> What to produce
Skip the pictures. Give all the data again exactly.

Start of Source material

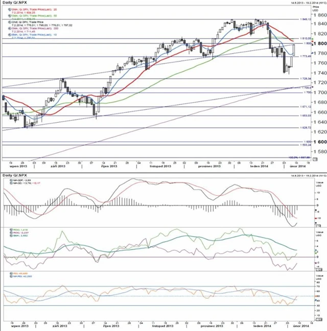 Technické indikátory celkově potvrzují zlepšení. Poklesům ale ještě nemusí být konec. Pro tento týden bude důležité, zda se index dokáže dostat nad 50denní klouzavý průměr (zelená křivka, okolo 1 810 bodů). Pokud ano, prodejní tlak pomine. Pokud ne, hrozí návrat k nedávnému lokálnímu dnu.
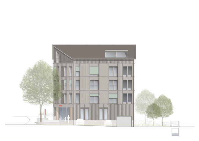 Der Holzbau mit Betonsockel ist horizontal gegliedert in Erdgeschoss, drei Regelgeschosse und ein Dachgeschoss.
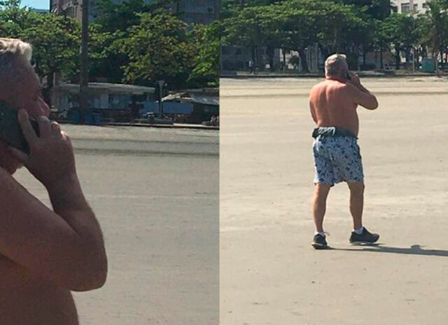 O registro foi feito na manhã desta quarta-feira (5) por uma moradora da cidade que prefere não se identificar. Segundo ela, o desembargador estava caminhando pela faixa de areia, com a máscara no pescoço, enquanto falava ao celular.

End of Source material

> Answer box
 Technické indikátory celkově potvrzují zlepšení. Poklesům ale ještě nemusí být konec. Pro tento týden bude důležité, zda se index dokáže dostat nad 50denní klouzavý průměr (zelená křivka, okolo 1 810 bodů). Pokud ano, prodejní tlak pomine. Pokud ne, hrozí návrat k nedávnému lokálnímu dnu.
 Der Holzbau mit Betonsockel ist horizontal gegliedert in Erdgeschoss, drei Regelgeschosse und ein Dachgeschoss.
 O registro foi feito na manhã desta quarta-feira (5) por uma moradora da cidade que prefere não se identificar. Segundo ela, o desembargador estava caminhando pela faixa de areia, com a máscara no pescoço, enquanto falava ao celular.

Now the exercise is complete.